The conditions of increased morbidity in an aging population cause the need for family care to become more common at an advanced age. The role of family caregivers may well last for a long time but may also change over time, from being caregivers to being non-caregivers or vice versa. Although demands associated with family caring change as individuals enter into, engage with, and exit from this role, the evidence regarding the impact of family caregiving transitions on the health of older carers is still limited. This study comprised individuals (n=2294, 60+years) from the southern part of Sweden included in the project Swedish National study of Aging and Care. Caregiving transitions are discussed in the categories: enter, exit, and continuing during a six-year period. Individuals who exited caregiving during the time were older than those who continued or entered into the role of caregiving.

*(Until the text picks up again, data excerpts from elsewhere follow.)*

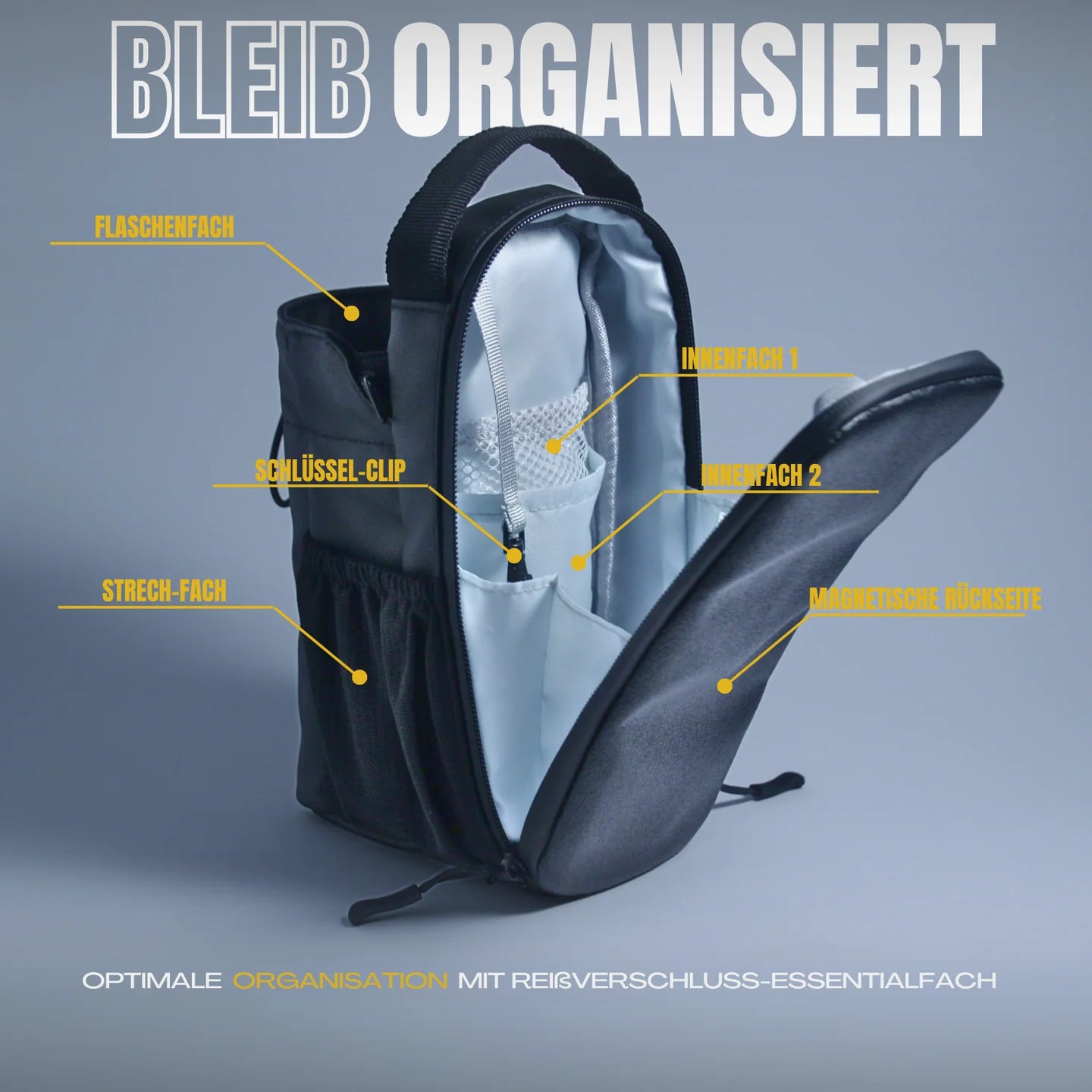 Erlebe maximalen Komfort mit innovativen MagnetoGo Tasche. Die einzigartiges Design und die magnetische Rückseite, ermöglichen dir eine problemlose Befestigung an nahezu all deinen Fitnessgeräten. Halte deine Essentials somit immer griffbereit und fern vom dreckigen Gymboden!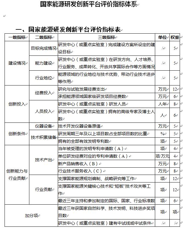 (三)國家能源局組織專家或委托第三方機構(gòu),按照公開、公平、公正、透明的原則,對申請材料進行審查和評審,按照能源創(chuàng)新平臺考核指標體系(附件2)進行評價,并可以開展實地核查;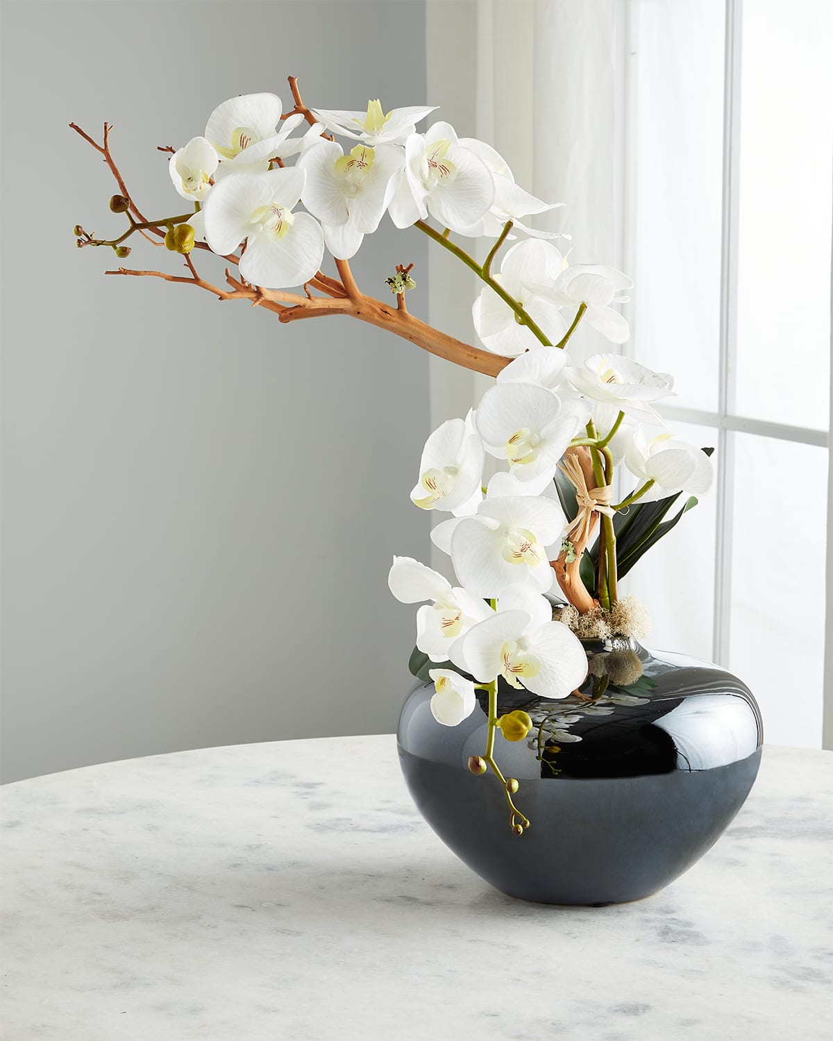 Handcrafted faux floral arrangement of asymmetrical classic white orchids entwined with manzanita Set in a black glazed ceramic container Made of polyester and wood For indoor use Approx. 14"L x 24.0"W x 27"T Item Weight (Lbs.): 8.0 Wipe clean Made in Italy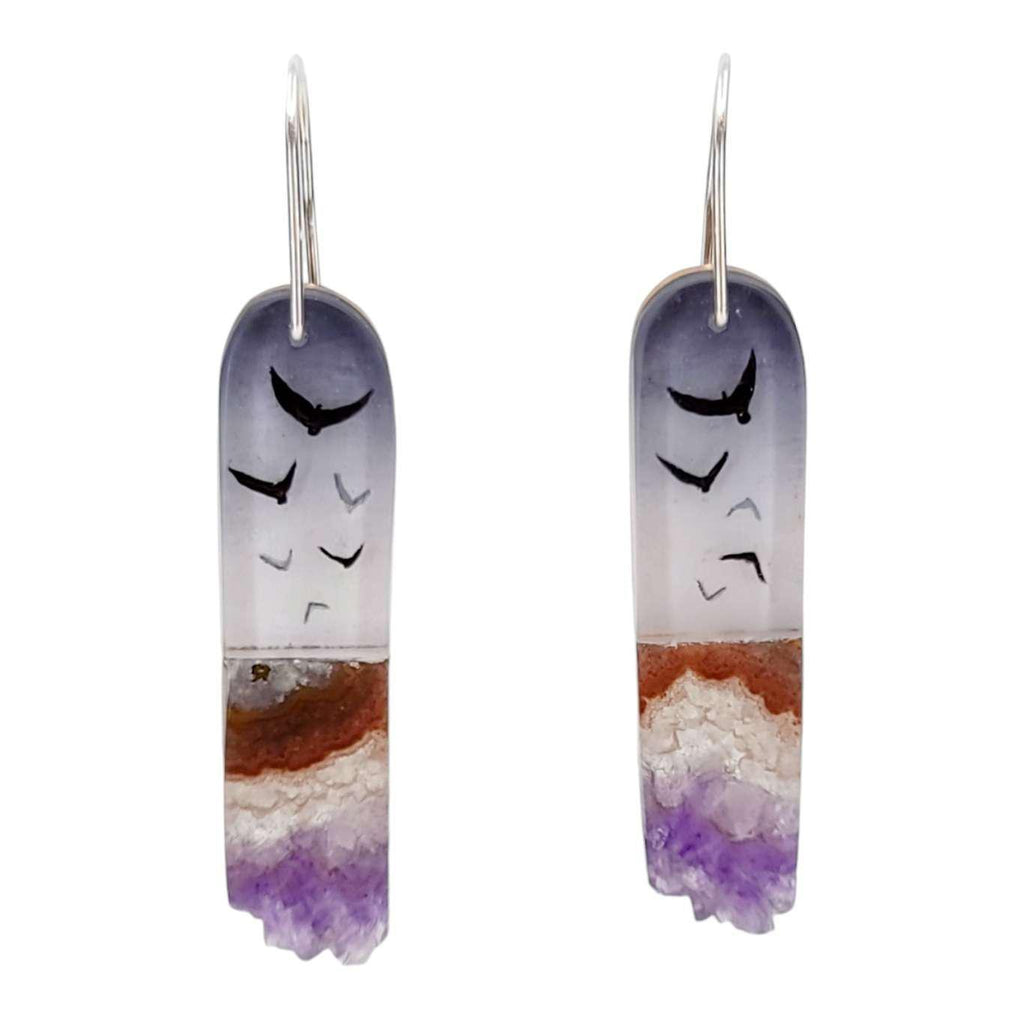 A silhouetted flock of birds in clear sky above genuine amethyst crystal slices highlighted with red and gray toned striations.

At the six-year follow-up, caregivers who were continuing or had exited caregiving were more often worried about their own health compared to baseline. Resembling findings were not found in those who entered caregiving. Family caregiving transitions of exiting, entering or continuing had no effect on the individuals’ functional, physical and mental health expect for participants who entered in caregiving. For them, entering the role of family caregiving was associated with an improvement in physical health during the six years follow up period. Conclusion: Although the health impact of different caregiving transitions in late life does not differ, individual conditions and health at baseline are important parameters to take into consideration to improve long-term health in family caregivers.